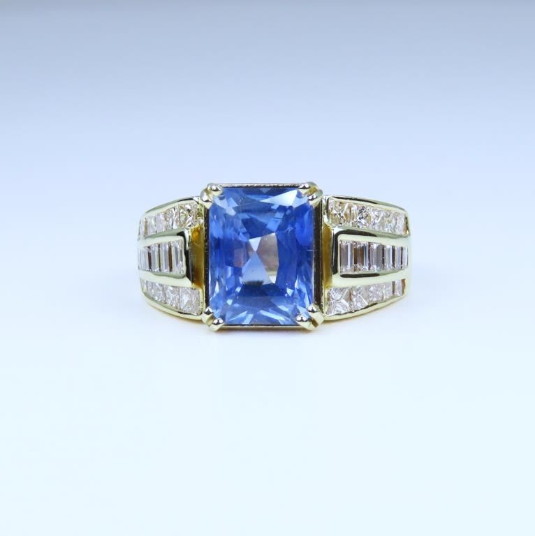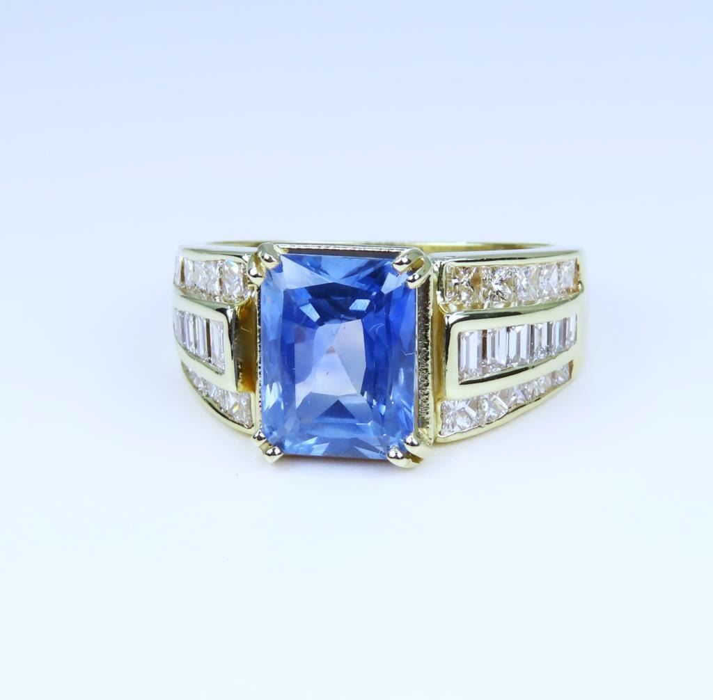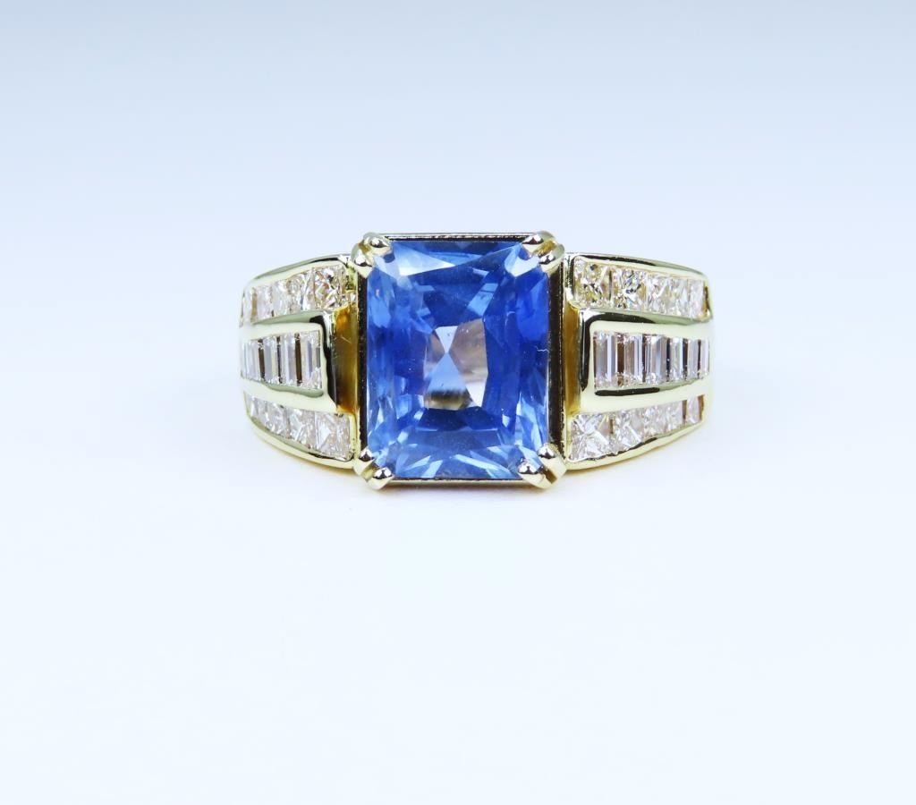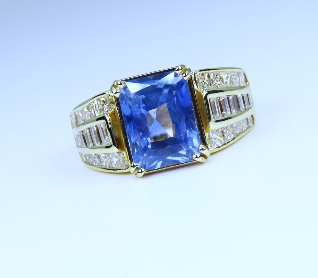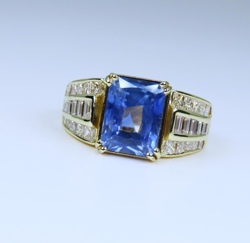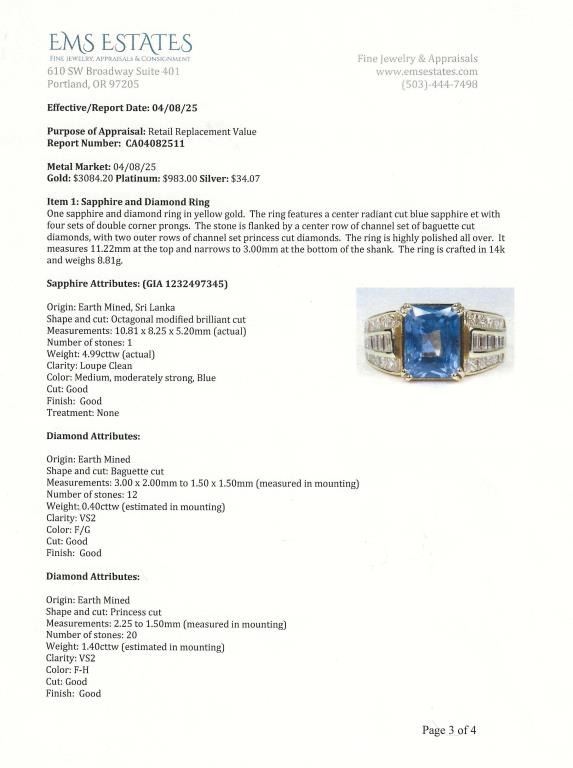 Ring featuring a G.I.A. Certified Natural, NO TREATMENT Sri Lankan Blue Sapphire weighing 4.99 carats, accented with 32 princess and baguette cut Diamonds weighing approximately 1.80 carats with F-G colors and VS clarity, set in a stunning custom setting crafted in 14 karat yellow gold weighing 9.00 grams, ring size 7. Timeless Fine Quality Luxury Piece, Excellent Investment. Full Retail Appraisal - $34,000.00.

==

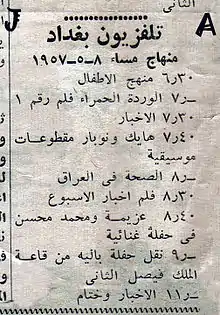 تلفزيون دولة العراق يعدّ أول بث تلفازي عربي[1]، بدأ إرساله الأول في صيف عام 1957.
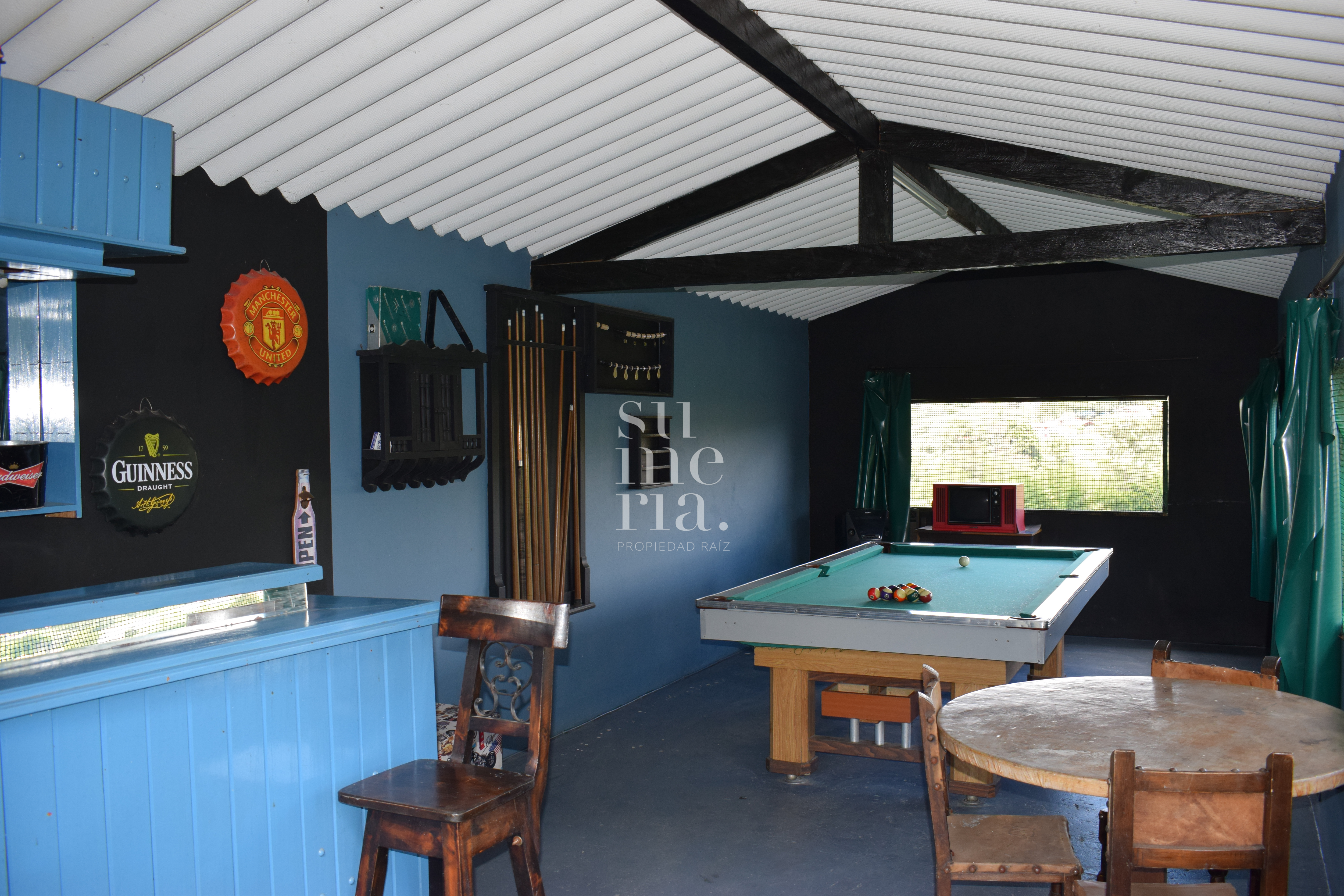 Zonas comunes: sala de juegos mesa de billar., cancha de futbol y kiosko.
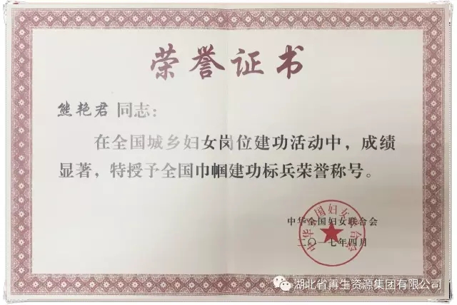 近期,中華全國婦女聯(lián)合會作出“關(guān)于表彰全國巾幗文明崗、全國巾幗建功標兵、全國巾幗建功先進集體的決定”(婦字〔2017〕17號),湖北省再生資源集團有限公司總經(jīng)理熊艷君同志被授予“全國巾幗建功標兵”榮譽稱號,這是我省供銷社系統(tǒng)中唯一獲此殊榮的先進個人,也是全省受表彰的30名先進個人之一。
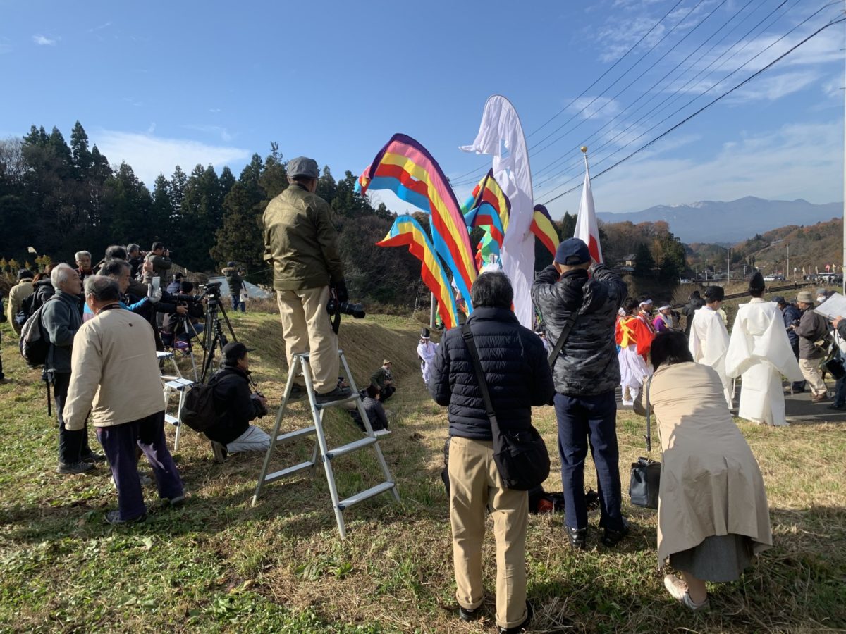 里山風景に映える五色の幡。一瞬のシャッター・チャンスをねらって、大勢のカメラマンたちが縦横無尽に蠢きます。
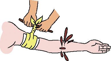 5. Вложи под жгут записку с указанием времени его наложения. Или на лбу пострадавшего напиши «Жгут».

* * *

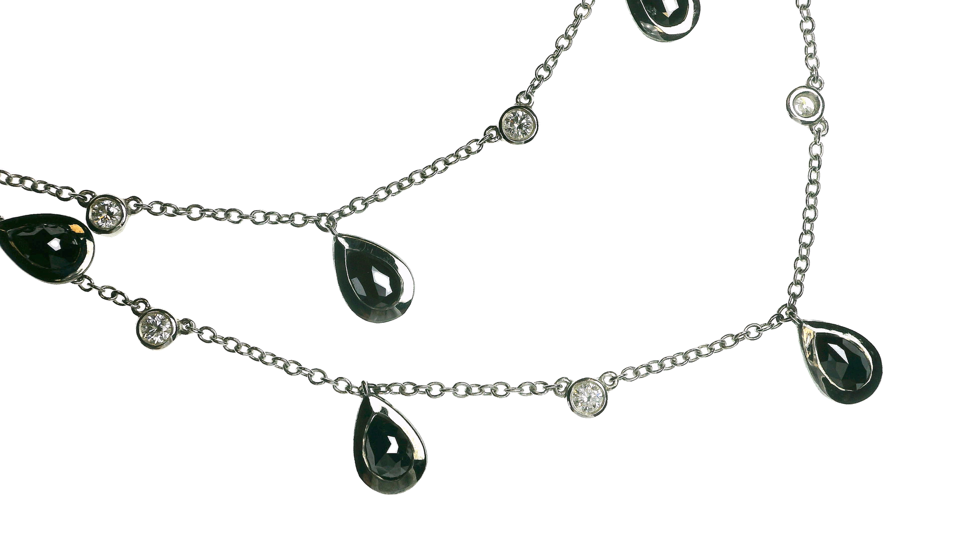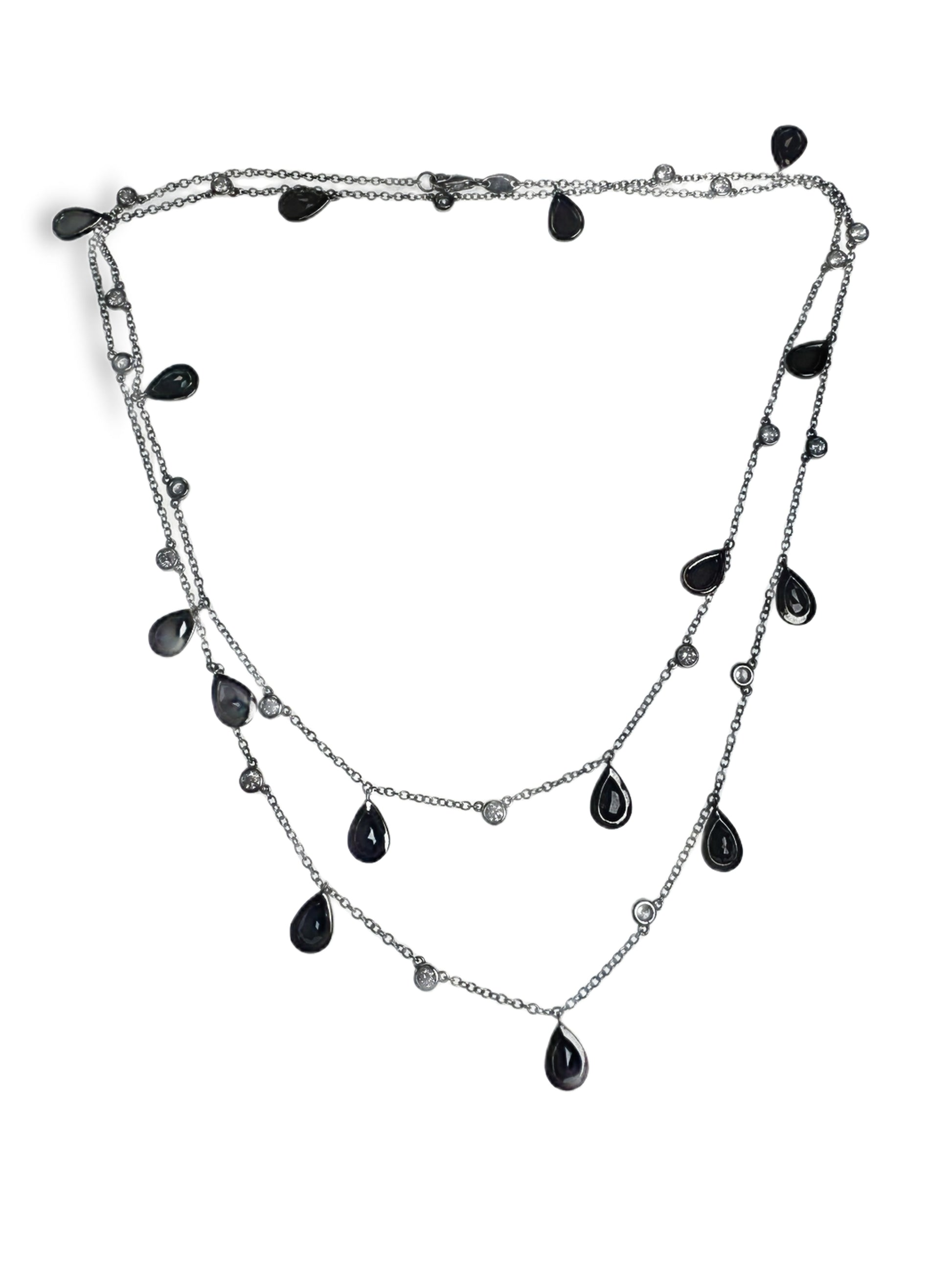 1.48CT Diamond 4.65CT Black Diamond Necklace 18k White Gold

Exercise:
What do the entries above read from the line containing "近期,中華全國婦女聯(liá" through the line containing "里山風景に映える五色の幡。一"? Output those lines exactly, both ends included, with the pictures left out.

Reply to the task:
 近期,中華全國婦女聯(lián)合會作出“關(guān)于表彰全國巾幗文明崗、全國巾幗建功標兵、全國巾幗建功先進集體的決定”(婦字〔2017〕17號),湖北省再生資源集團有限公司總經(jīng)理熊艷君同志被授予“全國巾幗建功標兵”榮譽稱號,這是我省供銷社系統(tǒng)中唯一獲此殊榮的先進個人,也是全省受表彰的30名先進個人之一。
 里山風景に映える五色の幡。一瞬のシャッター・チャンスをねらって、大勢のカメラマンたちが縦横無尽に蠢きます。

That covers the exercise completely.